- To pozytywne zjawisko - mówi o prywatyzacji Georgij Ostapkowicz, dyrektor Centrum Badań Rynkowych Wyższej Szkoły Ekonomicznej, cytowany przez "Komsomolskaję Prawdę". Ekspert dodaje, że "obecnie mamy deficyt budżetowy, a to oznacza, że trzeba go uwolnić od utrzymywania nieefektywnych przedsiębiorstw". Ostapkowicz podkreśla, że państwowy sektor odpowiada za 60 proc. PKB, podczas gdy w krajach rozwiniętych gospodarczo to prywatny biznes ma generować 70 proc. PKB.
Zdaniem eksperta w kraju jest całkiem sporo "nieefektywnych przedsiębiorstw zombie". Mowa o 6-8 proc. firm, które "tworzą produkty, na które nie ma popytu". Jednocześnie zastrzega się, że nie zostaną sprzedane obiekty strategiczne. To nie dotyczy jednak "średniej wielkości biznesu".
Dalsza część artykułu pod materiałem wideo
- Znacjonalizowano fabrykę makaronu Makfa. Czy państwo powinno produkować makaron? Tym powinny zajmować się prywatne przedsiębiorstwa - ocenia Ostapkowicz. Jego zdaniem nikt nie kupi przedsiębiorstw przynoszących straty, ale potencjalny inwestor może dokonać transakcji, jeśli "dostrzeże perspektywy w spółce przynoszącej niewielki zysk".
Prywatyzacja po rosyjsku
Wiceminister finansów Aleksiej Mojsiejew zapowiada, że w tym roku dojdzie do prywatyzacji spółki Dom.RF działającej w branży nieruchomości. Resort finansów miał przedstawić rządowi listę złożoną z siedmiu spółek, który powinny zostać sprzedane w 2026 r. Ich nazw nie podano.

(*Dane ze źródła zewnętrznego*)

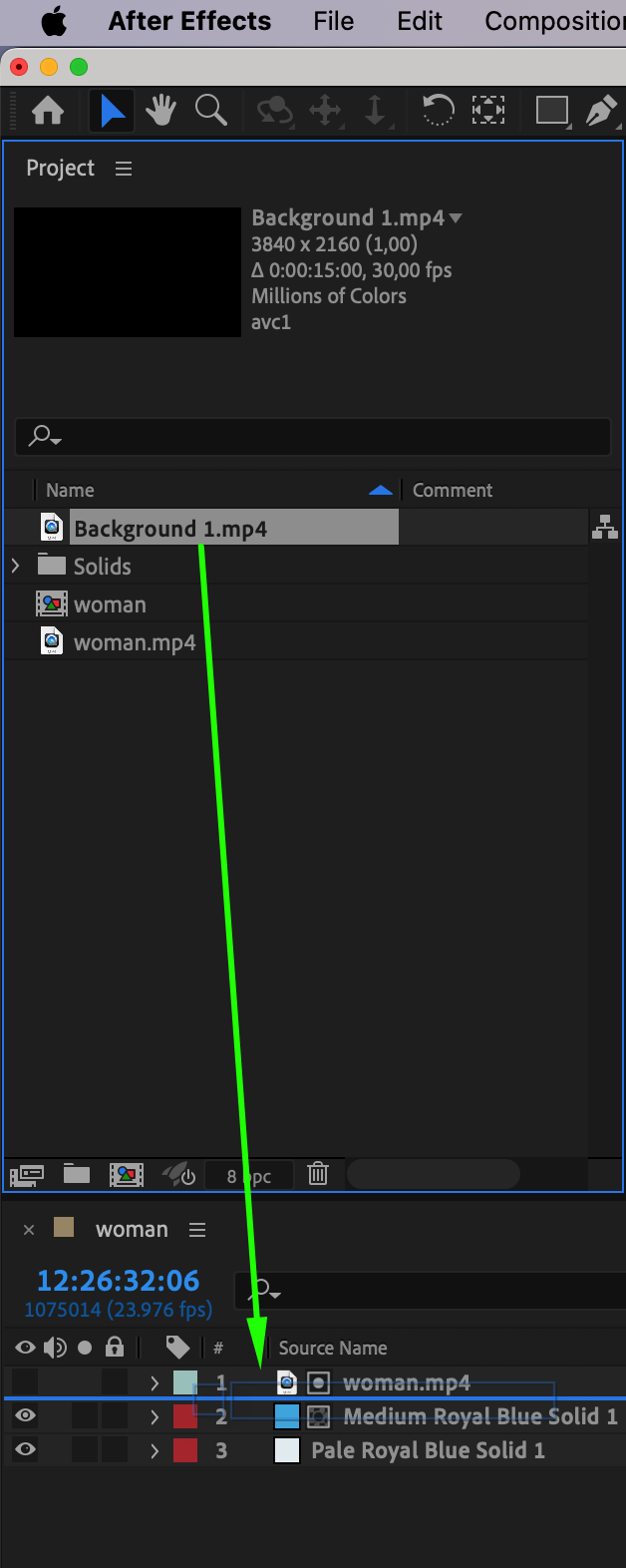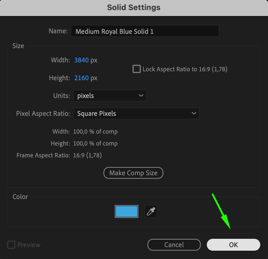 Now, let’s create the actual silhouette. Add a new solid layer by going to Layer > New > Solid, and choose the color you want for the silhouette. This could be blue or any color depending on the visual effect you’re aiming for. Place this layer below the video layer.

Rosyjski budżet z ogromnym deficytem
Szef VTB Nanku Andriej Kostin w 2024 r. mówił o potrzebie prywatyzacji kilku kluczowych dla Rosji podmiotów. Mowa o Transniecie (przedsiębiorstwo odpowiedzialne za ropociągi), Kolejach Rosyjskich, Poczcie Rosyjskiej, Rostelekomie (przedsiębiorstwo komunikacyjne) czy Rosatomie (państwowa korporacja energii jądrowej).
Sam Władimir Putin, przypomina "Komsomolskaja Prawda", mówił, że czasem dochodzi do nacjonalizacji. Takie podejście - w opinii dyktatora - ma być uzasadnione jedynie w sytuacji, zaniechań właściciela, które zagrażają bezpieczeństwu państwa oraz narodowym interesom.
Kreml szuka pieniędzy na wojnę
Według danych rosyjskiego ministerstwa finansów deficyt budżetowy Rosji w 2024 r. osiągnął 3,49 bln rubli, co odpowiada 34,4 mld dol. Dochody państwa wzrosły o 26 proc. do 36,71 bln rubli, podczas gdy wydatki zwiększyły się o 24,2 proc. do 40,19 bln rubli - pisał w styczniu "Puls Biznesu".
W 2025 r. wysokość wydatków na obronę przewidziano na poziomie 13,5 bln rubli (127 mld euro), co oznacza wzrost o 30 proc. w porównaniu z bieżącym rokiem. Suma ta stanowi 6,31 proc. PKB Rosji. Rozpętana przez Rosję wojna w Ukrainie jest kosztowna dla samego Kremla.